EWT: and now look, 1200+ people are all digging it

JW: oh thats good. interesting.

EWT: which is why I wanted to decipher the “code” or what your message was intended to say

JW: ya essentially what it is is, kind of like well i used my dictionary and my power spots and i came up with something using alphanumeric calculations

Editor’s note: the exact calculations were not discussed, but we trust the math is true.

JW: the inside of how i put the device together like what was written in chinese, is devised of how i’ve been looking for heat spots forever trying to find the hottest numbers.

EWT: what does this achieve?

JW: well i have some exhibits such as things that i’ve done that are circuits like mechanisms
i was smoking a cigar one time and i wrote a poem and it exploded everywhere just because of the screws involved, so i used the number

Editor’s note: at this point in the conversation he discusses the number 151 at great length. It has been omitted for relevance.

EWT: Did the news do a story on you already? Someone on Digg said they had.

JW: not in Toronto, it was local news, pennsylvania

EWT: about the note: I feel like I am beginning to understand it even though it supposedly ‘makes no sense.’ What’s going down “cause it’s busted”? And the coolest part – the ending – “yep’s in it with twenty one dollars on the heavy walrus” …is the heavy walrus a person?

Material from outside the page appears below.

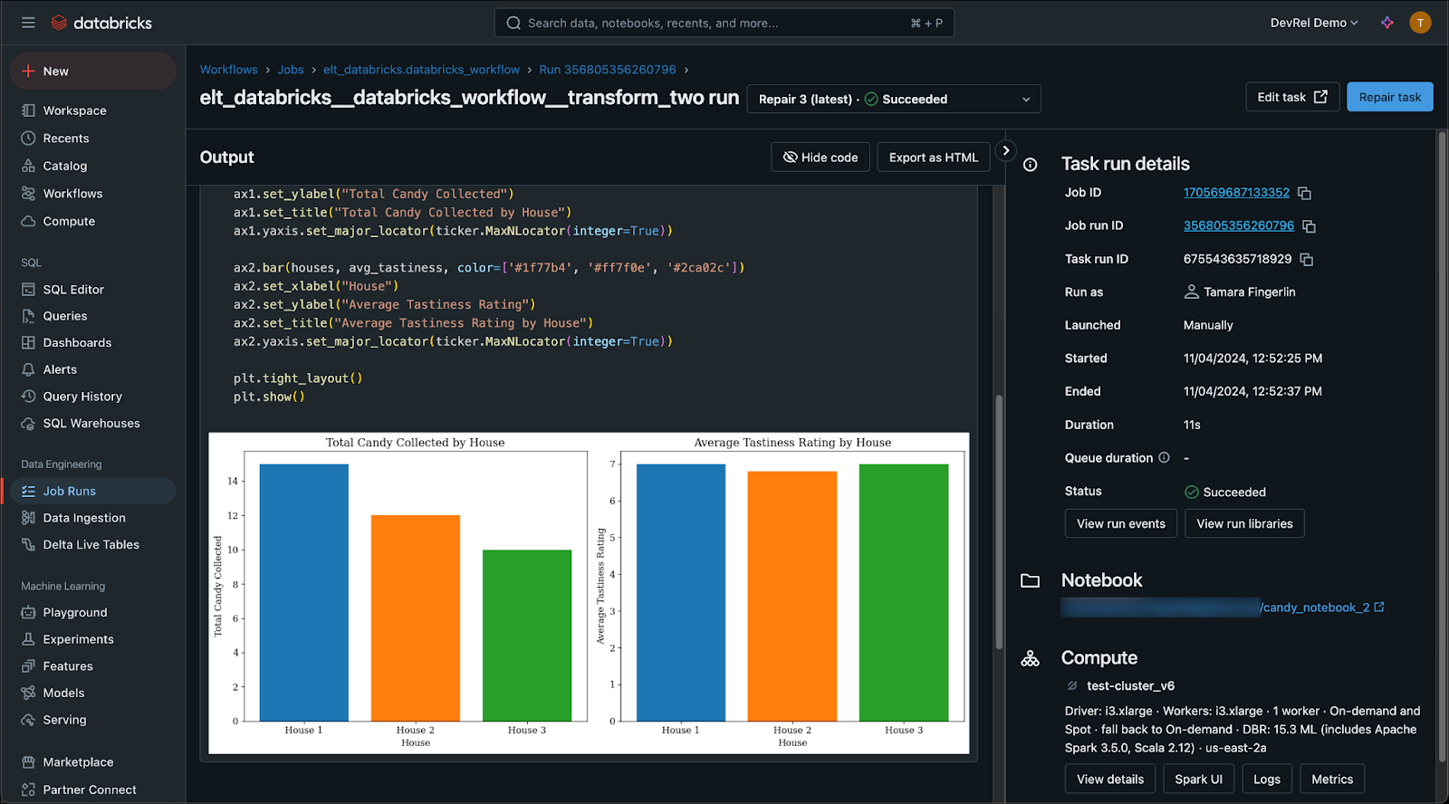 In Databricks, navigate to your Databricks job and click on the second green square to open the notebook run for the second notebook, creating a visualization of total candy and average tastiness rating by house.

Editor’s note: it was requested that we leave his response to this question out. There is an explanation for the final paragraph and it’s a very good one. It can be noted, however, that “the walrus” is from Alice in Wonderland with the carpenter and yep is a graffiti artist from Ottowa.

EWT: wow.

JW: yea

EWT: “i’d put this whole planet in checkmate quick”?

JW: that’s about robotics type stuff: gold indexes, inter-global banks and planetary operations. Some people end up getting ripped off like the type of style where your after life is dirty and doesn’t look very good.
i mean, i would make that more subject to take place in hell
robotics and hell. best word i know is hell – I don’t like it, but what i’m trying to say is the afterlife. it can be bad, and robotics control it.

EWT: and so electronics, as you write, would be standing in the way of Heaven, which as you define it, would be us achieving peace, or the goal you seek which is near-eternal life, so we can love our friends forever?

JW: yeah, yeah, yeah. thats how i feel just as well as you.

EWT: well, your note made me feel that way.

JW: good.

EWT: What role do the Chinese play in your life?

JW: Well they used to say different kinds of things, like you know voices that you can hear that sort of sound a bit like the kind inside your head. it’s very friendly. they know a lot about your method. they know about you.

EWT: What do they know?

JW: everything. the robot is so healthy, he could do anything he wants to with the information about anyone, such as you, especially if it’s important. the robotic process is completely perfect, such that it has maps of everything. time, space. its so well-built, you could talk about its design for years

EWT: so the robot is not here to help us?

JW: the robot is almost pure, it is capable of so much. it just doesn’t work for us very much

EWT: so you feel that it just isn’t doing enough?

JW: strategies of people like you and me, make what’s happening good, and prevent it from being garbage

EWT: I agree, we are using technology for good right this minute, in spite of all the garbage it could be. Or robots to use your expression.

Editor’s note: In retrospect, I originally misinterpreted JW’s intended use of the term ‘robots’ and erroneously compared it to technology itself. JW was a good sport, however, and seems to have just gone along with it. JW and I then had some very personal conversation between this point and the final bit which follows, in which JW reveals that he may be the robot, or perhaps more metaphorically, we are all the robot, and thus the ruler of everything individually.

JW: it’s so super how i work. like when i sleep, i send people places. and it works with a great level of essence. yes, [the note] is art. i am an artist, but in my science sphere i am working with much finesse. i know about this, so yes, it is big.